First, $X$ must be smooth of dimension one: since the local ring of a closed point $p\in X$ and the analytic local ring of $p\in X_{an}$ have the same completion, they have the same dimension and the same quotients by powers of their maximal ideals, so we see that the tangent space is one-dimensional for all closed points in $X$. Next, we may observe that $X$ is connected: if $X$ has multiple connected components, then $X_{an}$ must as well. So if there is an $X$ such that $X_{an}\cong D$, then $X$ must be a connected smooth curve.

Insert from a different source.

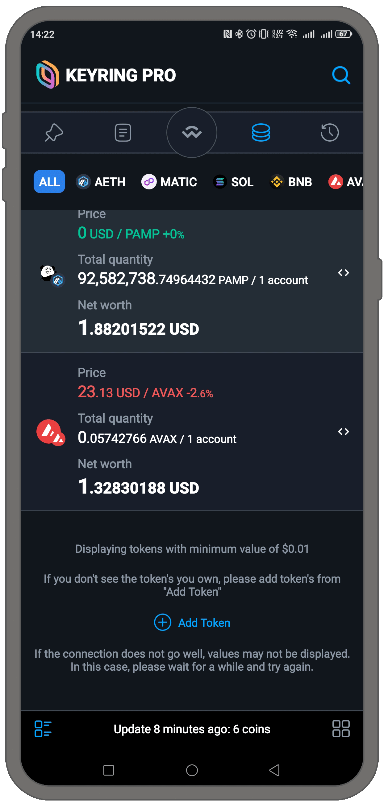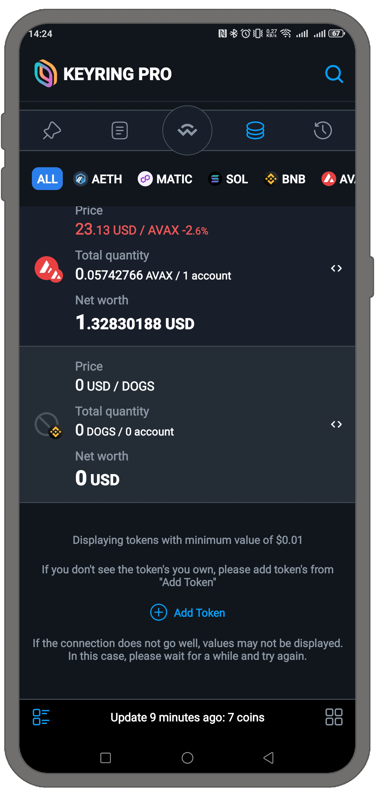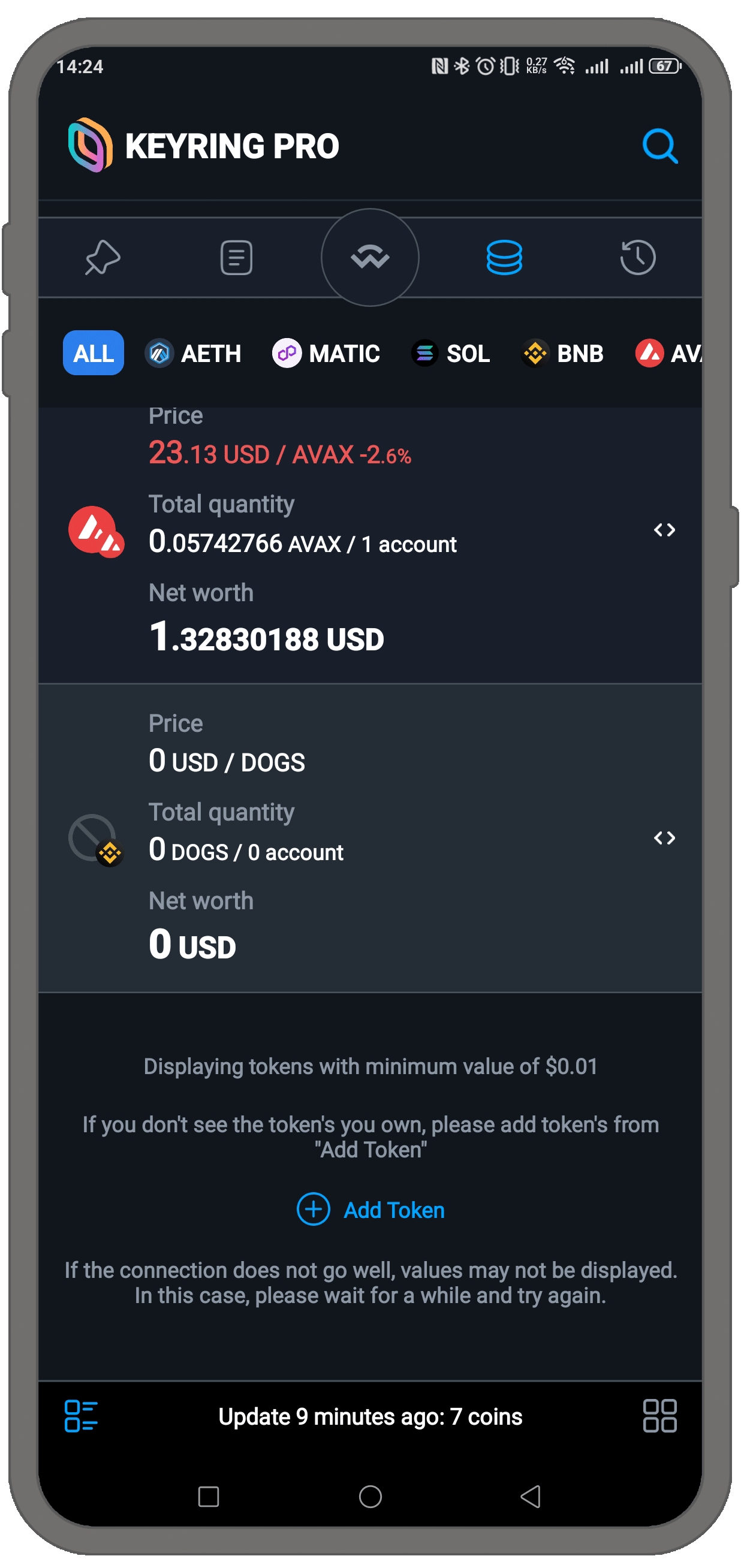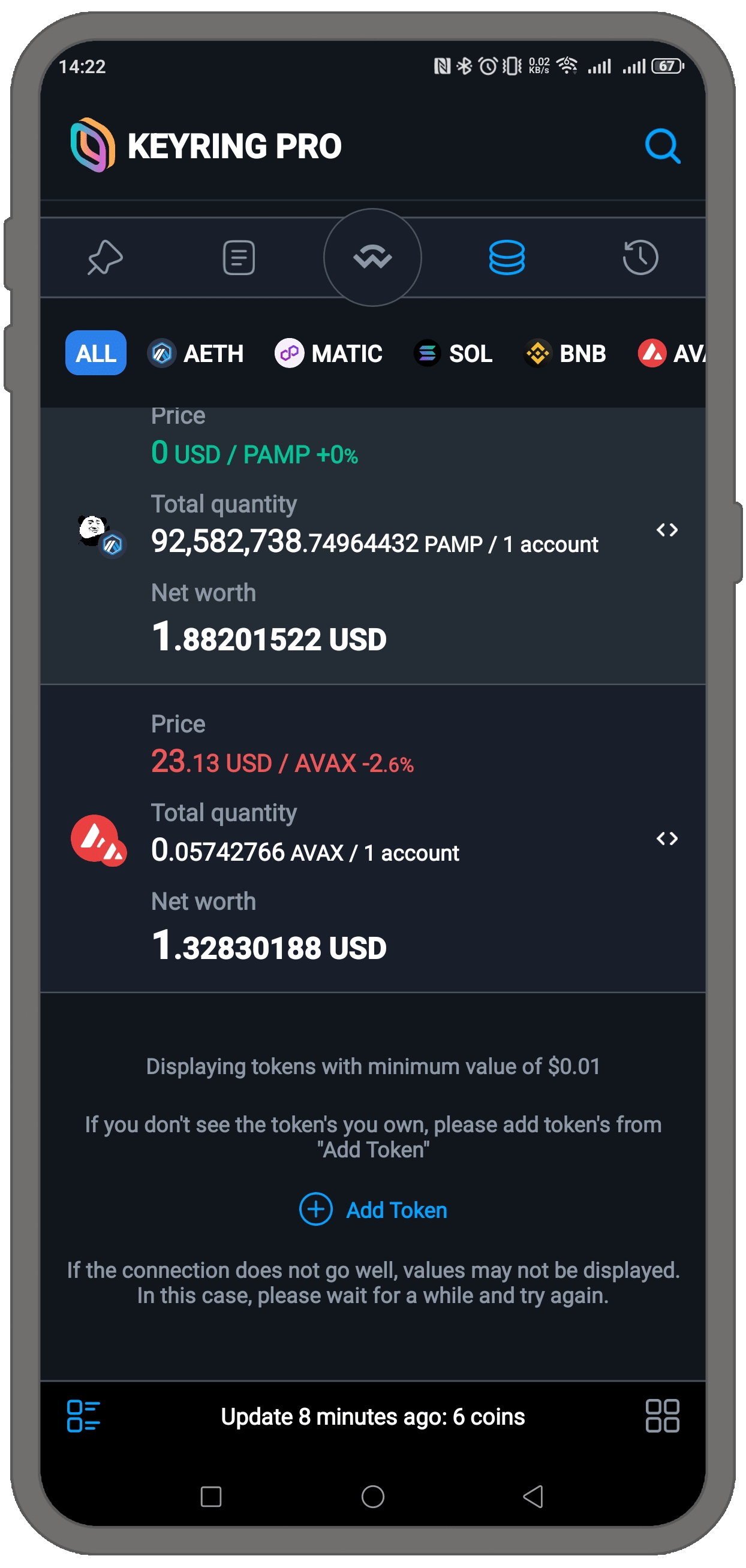 KEYRING PRO Walletに新しいトークンを追加するには、以下の手順に従ってください:

Now we'll introduce some outside results. We begin with a result about smooth curves: any connected smooth curve can be expressed as a smooth projective curve of genus $g$ minus $r$ points. We'll also need the comparison theorem on $\pi_1$:
Theorem (Grothendieck). For a pointed algebraic variety $(X,x)$ over $\mathbb{C}$ there is a canonical isomorphism
between the étale fundamental group $\pi_1^{\text{ét}}(X,x)$ and the profinite completion of the topological fundamental group
$\pi_1^{\rm top}(X(\mathbb{C}),x)$.
(This is SGA1, Expose XII, section 5, for instance.) Now we do a little topology: the fundamental group of a genus $g$ surface with $r$ punctures is a free group on $2g+r-1$ generators (you may verify this by drawing a $2g$-gon with edges identified appropriately and then deleting $r$ points in the interior and looking at what happens, for instance). The profinite completion of this group is nontrivial if $2g+r-1>0$, so we must have $g=0$ and $r=0$ or $1$. Clearly $r=0$ cannot happen as $D$ is not compact while $\Bbb P^1_{an}$ is; $r=1$ cannot happen because then we would have $\Bbb C^1$ biholomorphic to $D$, a contradiction to the uniformization theorem.